Prenons l’exemple de la vitamine C, souvent vantée pour ses propriétés antioxydantes et son rôle dans le renforcement du système immunitaire. Les suppléments de vitamine C sont souvent commercialisés avec des dosages élevés allant jusqu’à 750 ou 1 000 milligrammes, alors que les adultes n’ont besoin que de 75 à 120 milligrammes de vitamine C par jour pour maintenir une santé optimale. Consommer des doses excessives de vitamine C ne se traduira pas par des bénéfices supplémentaires pour la santé, mais plutôt par un excès qui sera éliminé par l’organisme.

Le biais d’action

Le biais d’action est un phénomène psychologique qui pousse les individus à agir plutôt qu’à rester passifs, souvent par crainte de manquer une opportunité ou de ne pas avoir le contrôle sur une situation. L’idée selon laquelle il vaut mieux faire quelque chose que ne rien faire est profondément enracinée dans notre culture, en particulier en ce qui concerne la santé. Dans le contexte des suppléments alimentaires, ce biais joue un rôle important, car il incite les gens à en prendre même si ces mesures ne sont pas toujours nécessaires ou bénéfiques.

Cependant, cette approche peut être dangereuse, car ils contiennent souvent des doses beaucoup plus élevées que l’apport quotidien recommandé de certains nutriments. Cette surconsommation peut alors entraîner des effets indésirables sur la santé. Par exemple, une consommation excessive de vitamine C peut provoquer des symptômes gastro-intestinaux tels que la diarrhée, les nausées et les crampes d’estomac. De même, un excès de vitamine D peut entraîner des problèmes tels que les nausées, les vomissements et même la formation de calculs rénaux.
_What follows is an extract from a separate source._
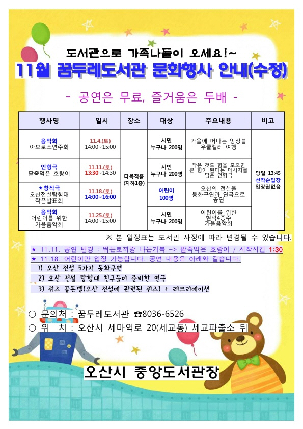 꿈두레도서관에서는 우쿨렐레 음악회를 시작으로 11월 주말 문화행사 '팥죽먹은 호랑이' 인형극과 전설탐험대의 창작극, 어린이를 위한 작은 음악회가 준비되어 있으니 가까운 꿈두레도서관에서 책도 보고 다양한 문화행사도 만나보며 유익한 주말을 보내면 좋을 것 같습니다.

En outre, ces produits peuvent interagir avec d’autres médicaments prescrits, ce qui peut avoir des conséquences graves pour la santé. Par exemple, le millepertuis, un supplément à base de plantes souvent utilisé pour traiter la dépression légère à modérée, est connu pour interagir avec un certain nombre de médicaments couramment prescrits, tels que les contraceptifs oraux, les médicaments immunosuppresseurs, les statines et même la chimiothérapie. Ces interactions peuvent altérer l’efficacité des médicaments ou aggraver leurs effets secondaires.